(STORED DATA)
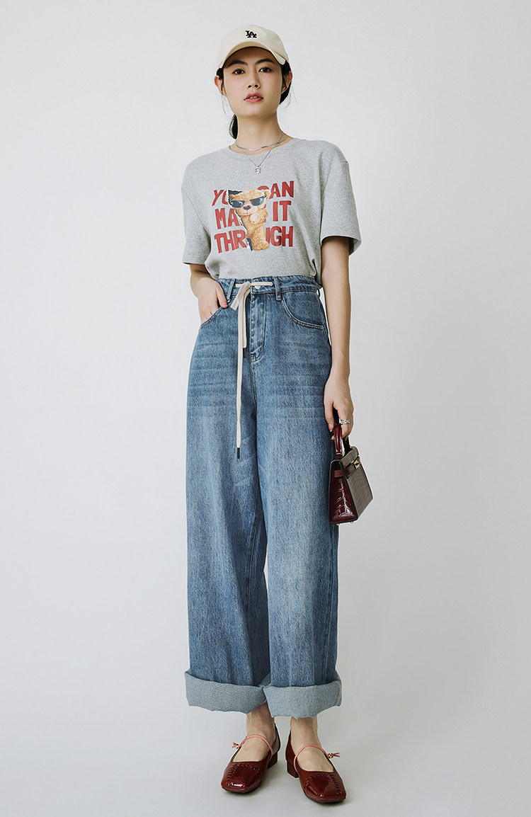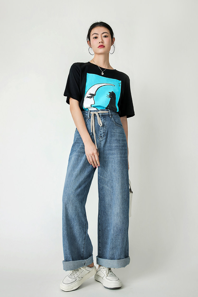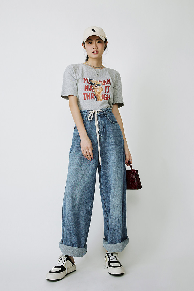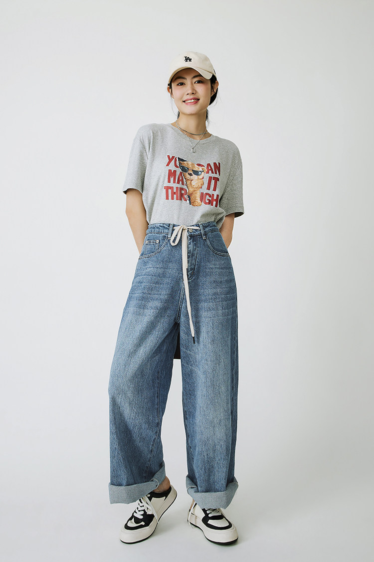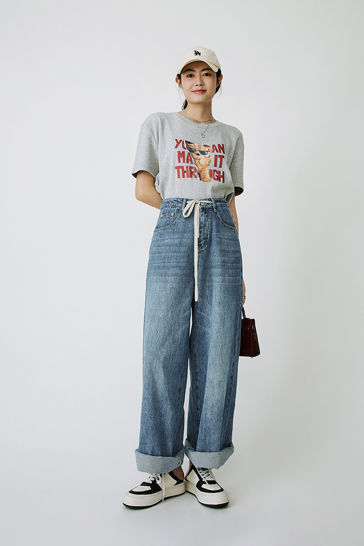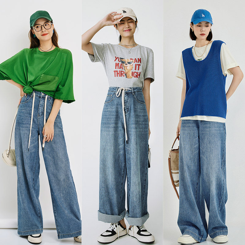 Meiyang Meiyang [Spot] Джинсы Окинава Ленивые свободные удары различные повседневные брюки
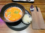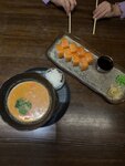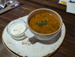 Заведение занимает первый этаж, внутри один большой зал, посадка в выходной день была близка к 40%. К сожалению, нет отдельного помещения для выдачи заказов курьерам, поэтому она осуществляется в самом зале. Бородинские чесночные гренки с соусом тартар. Подаются они с сыром пармезан, пикантным чесноком, крупной морской солью и соусом тартар. Внутри мягкие, а сверху чрезвычайно хрустящая, ароматная, промасленная корочка. Признаться, это наши самые любимые гренки. Том Ям - слегка обжигающей остротой с морепродуктами, шампиньонами, черри и кинзой, которые сплелись между собой в ароматной пряности оживляющей рецепторы. В общем, ничего лишнего, все в меру, в классическом виде. Вообщем качественная еда без изысков.
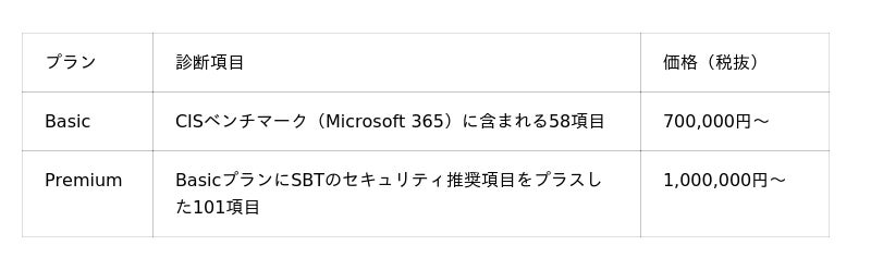 ・Premiumプラン:Basicプランの診断に加え、監査ログやMicrosoft Defender製品の詳細設定、DLP(情報漏えい対策)や情報保護など、より高度で多層的なセキュリティ設定を診断します。
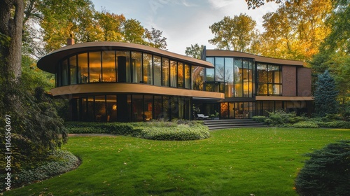 © Rizal, Fototapeta premium A modern house with a unique design and large windows surrounded by greenery
(End STORED DATA)
### PROBLEM STATEMENT
The whole listing above needs to be copied exactly; please keep the pictures out.

### FINAL ANSWER
 Meiyang Meiyang [Spot] Джинсы Окинава Ленивые свободные удары различные повседневные брюки
 Заведение занимает первый этаж, внутри один большой зал, посадка в выходной день была близка к 40%. К сожалению, нет отдельного помещения для выдачи заказов курьерам, поэтому она осуществляется в самом зале. Бородинские чесночные гренки с соусом тартар. Подаются они с сыром пармезан, пикантным чесноком, крупной морской солью и соусом тартар. Внутри мягкие, а сверху чрезвычайно хрустящая, ароматная, промасленная корочка. Признаться, это наши самые любимые гренки. Том Ям - слегка обжигающей остротой с морепродуктами, шампиньонами, черри и кинзой, которые сплелись между собой в ароматной пряности оживляющей рецепторы. В общем, ничего лишнего, все в меру, в классическом виде. Вообщем качественная еда без изысков.
 ・Premiumプラン:Basicプランの診断に加え、監査ログやMicrosoft Defender製品の詳細設定、DLP(情報漏えい対策)や情報保護など、より高度で多層的なセキュリティ設定を診断します。
 © Rizal, Fototapeta premium A modern house with a unique design and large windows surrounded by greenery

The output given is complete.